Nanobody Therapeutics in Alzheimer’s Disease: From Molecular Mechanisms to Translational Approaches

Nanobodies (single-domain antibodies, VHHs) have emerged as versatile tools for evaluating and treating Alzheimer’s disease (AD). They offer unique advantages over traditional antibodies and small molecules, including small size, stability, and specificity. In AD, nanobodies were used to neutralize toxic amyloid-β oligomers, inhibit tau generation and aggregation, and modulate neuroinflammation, thereby demonstrating significant therapeutic potential. The delivery of nanobodies requires advanced strategies, including intranasal and intrathecal routes, receptor-mediated transport, plasma protein binding with albumin, and focused ultrasound to facilitate brain penetration.
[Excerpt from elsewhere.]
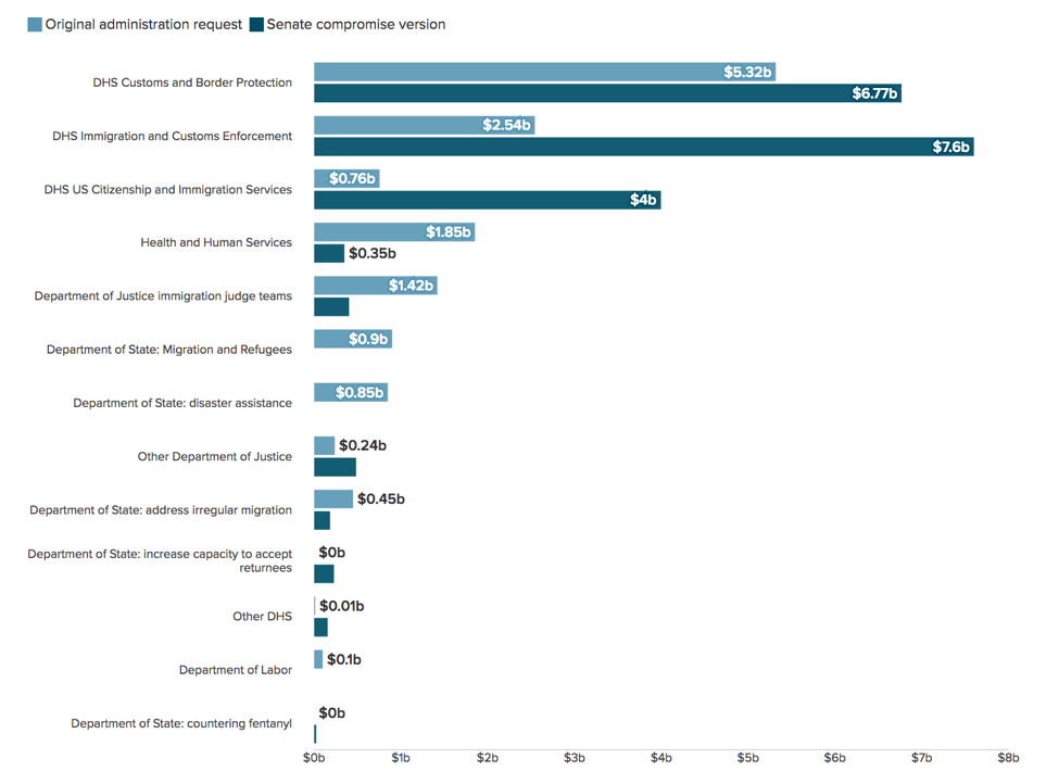 Legislators spent more than ten weeks in late 2023 negotiating the details of a bipartisan bill in the Senate which was the first serious effort in more than a decade to combine policy changes and resources required to improve the situation at the border. The bipartisan Senate deal offered more money for border and immigration security ($20.3 billion) than the Biden administration had requested ($13.6 billion). There were also major shifts in the bipartisan bill with regard to how the money was allocated. See the graph below for details.
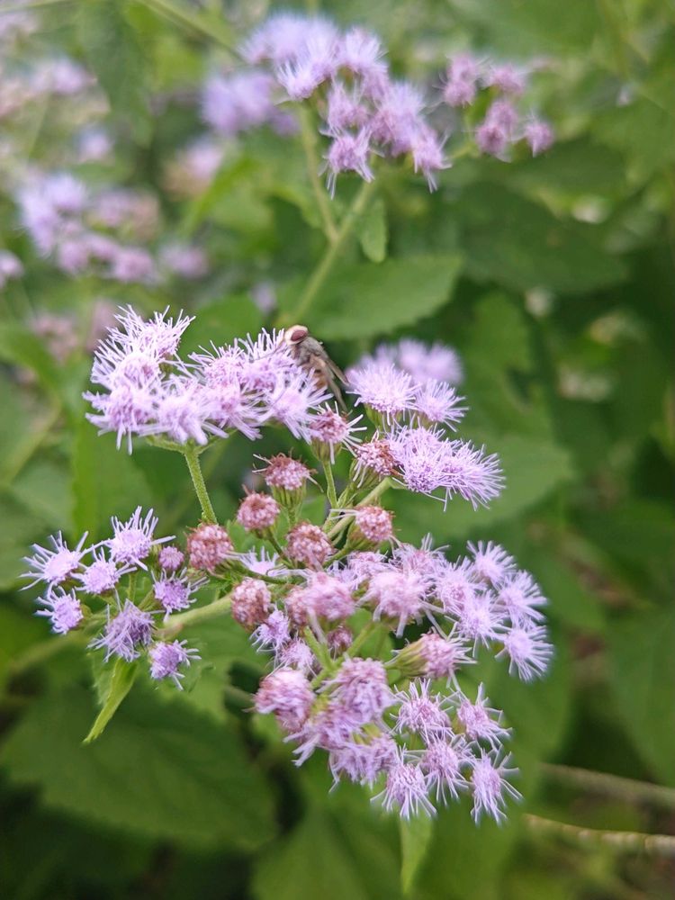 近所の秋の七草ガーデン、フジバカマ書かれてるけどみつけられず😅隣の花壇に、この西洋フジバカマ(ユーパトリウム)が咲いてました。私はこの花とアゲラータムの見分けが付かなくて😣

Additionally, to improve nanobody delivery precision, half-life, and efficacy, strategies such as integrating nanobodies with nanoparticles, dendrimers, liposomes, and viral vectors are being employed. In fact, nanobodies are applied beyond monotherapy across multiple technological platforms to optimize brain delivery and target multiple targets. Nanobodies have been used on bispecific and trispecific antibody platforms, as well as in CRISPR/Cas9 editing and AI-driven technologies, to expand their applications. Recently, preclinical evidence has been mounting on the efficacy of nanobodies in clearing Aβ and tau, preserving synapses, and normalizing biomarkers. Notably, clinical trials of bispecific antibodies, including trontinemab, are signaling translational progress and regulatory approvals, and further support would validate this class of therapeutic molecules. This review critically delineates the current molecular mechanisms, emerging strategies, and delivery platforms, and emphasizes the potential of nanobodies as promising therapeutic and diagnostic molecules in AD therapeutics.